Esta vida en Moscú tenía, sin embargo, una ventaja: aquí no se
suscitaba entre ellos ninguna discusión.
Ya fuese por las condiciones especiales de la vida de la ciudad
o porque, tanto él como ella, se hubiesen hecho más prudentes y razonables a
este respecto, el caso era que su temor de que en Moscú se renovasen las escenas
de celos había resultado completamente injustificado.
En este aspecto se había producido un hecho muy importante para
los dos: el encuentro de Kitty con Vronsky.
La vieja princesa María Borisovna, madrina de Kitty, que quería
mucho a su ahijada, hizo presentes sus deseos de verla. Kitty que, por su
estado, no salía a ninguna parte, fue, sin embargo, acompañada por su padre, a
ver a la honorable anciana y encontró a Vronsky en su casa.
De lo ocurrido en este encuentro, Kitty no pudo reprocharse a
sí misma sino que, cuando reconoció los rasgos tan familiares de Vronsky en su
traje de paisano, se le cortó la respiración, le afluyó al corazón toda la
sangre y sintió el rostro encendido de rubor. Pero esto duró sólo algunos
segundos.
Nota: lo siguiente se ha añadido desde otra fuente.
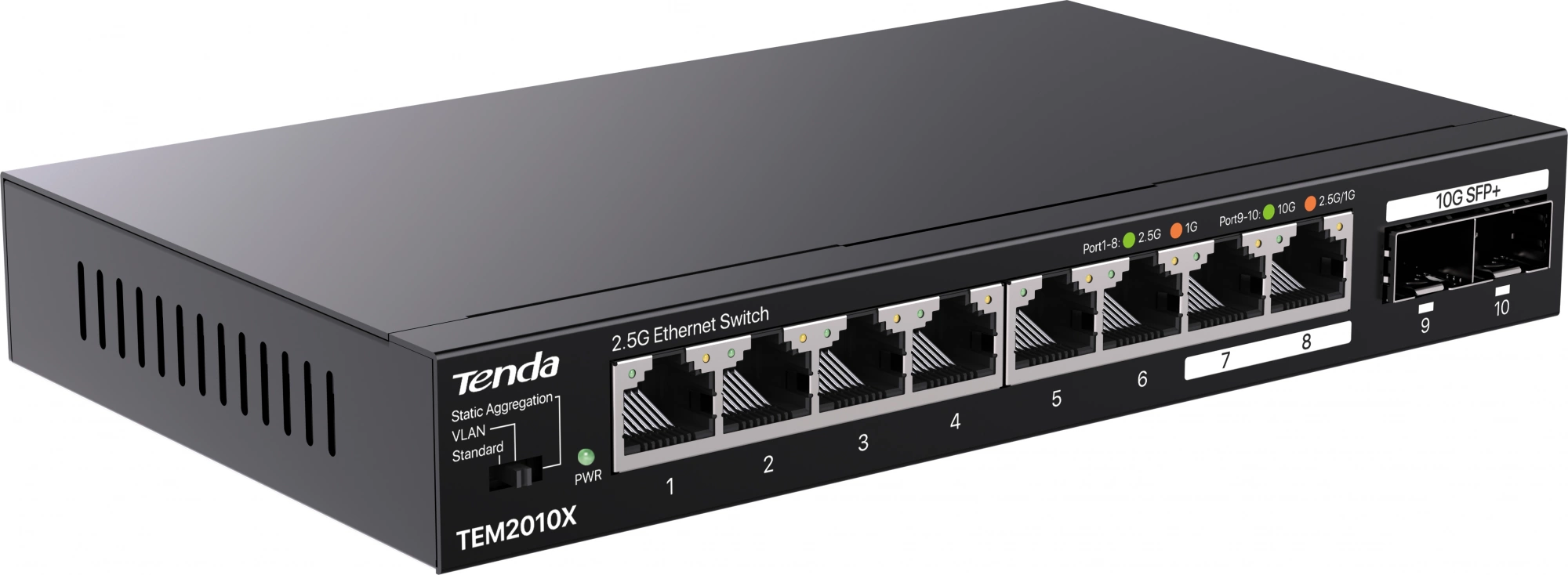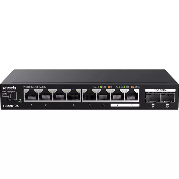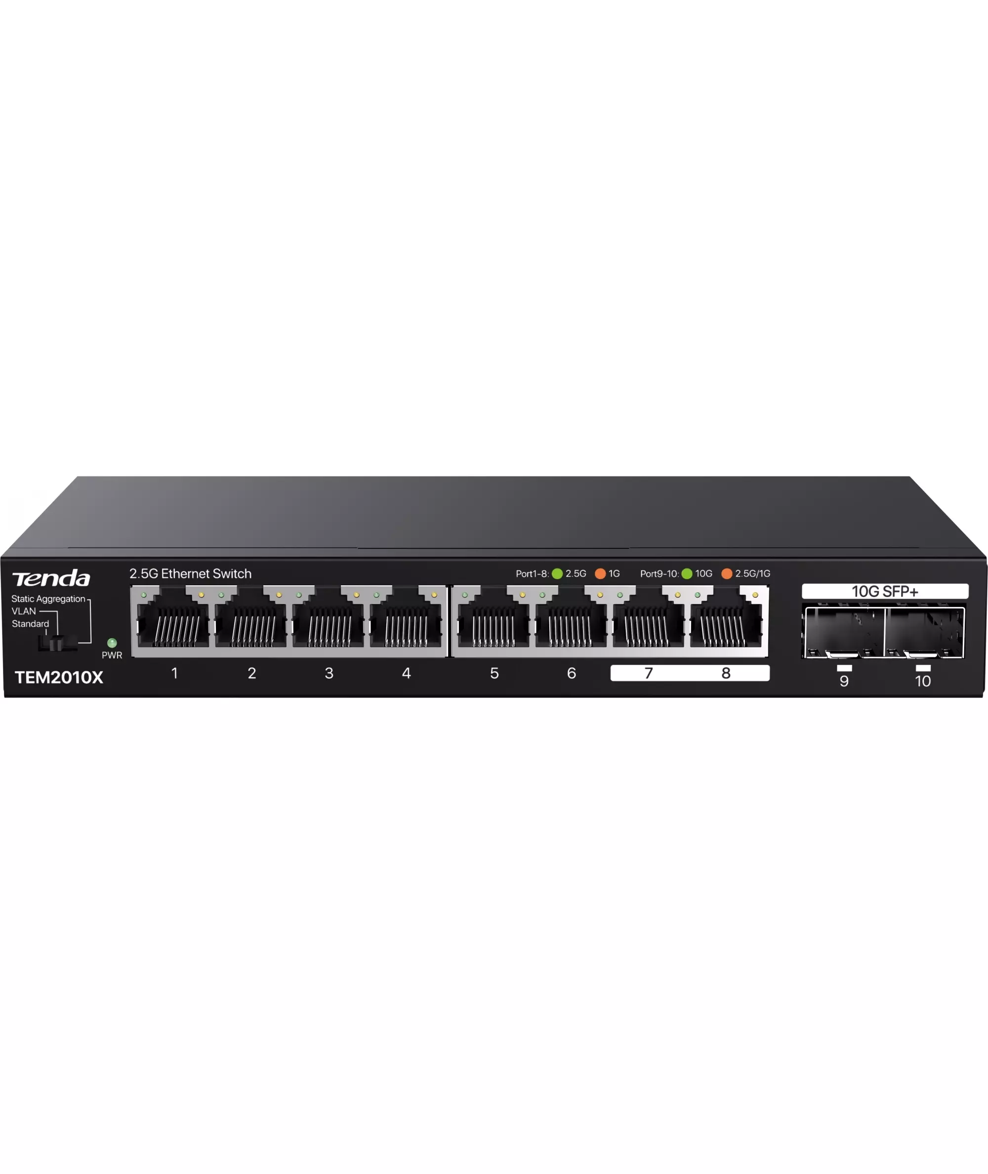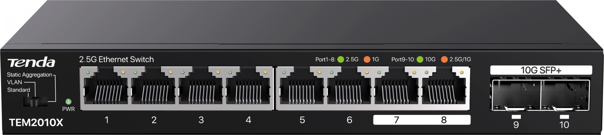 Коммутатор TENDA TEM2010X (L2) 8x2.5Гбит/с 2SFP+ неуправляемый

Todavía su padre, que intencionadamente se había puesto a hablar con
Vronsky en voz alta, no había terminado de saludarle, cuando Kitty estaba ya
completamente repuesta de su emoción y dispuesta a mirar a Vronsky y hasta a
hablarle, si era preciso, del mismo modo que hablaría con la princesa María
Borisovna, a hacerlo de forma -y esto era lo principal- que todo, hasta la
entonación y la más leve sonrisa pudieran ser aprobadas por su marido, la
presencia invisible del cual parecíale presentir en todos los momentos de
aquella escena.
Cruzó, pues, algunas palabras con su antiguo amado y sonrió
tranquila cuando bromeó sobre la asamblea de Kachin, llamándola «nuestro
Parlamento» (era preciso sonreír para mostrar que había comprendido la broma).
En seguida volvióse hacia María Borisovna y no miró ya a Vronsky ni una vez más
hasta que él se levantó para despedirse, porque no hacerlo entonces habría sido
evidentemente una falta de consideración.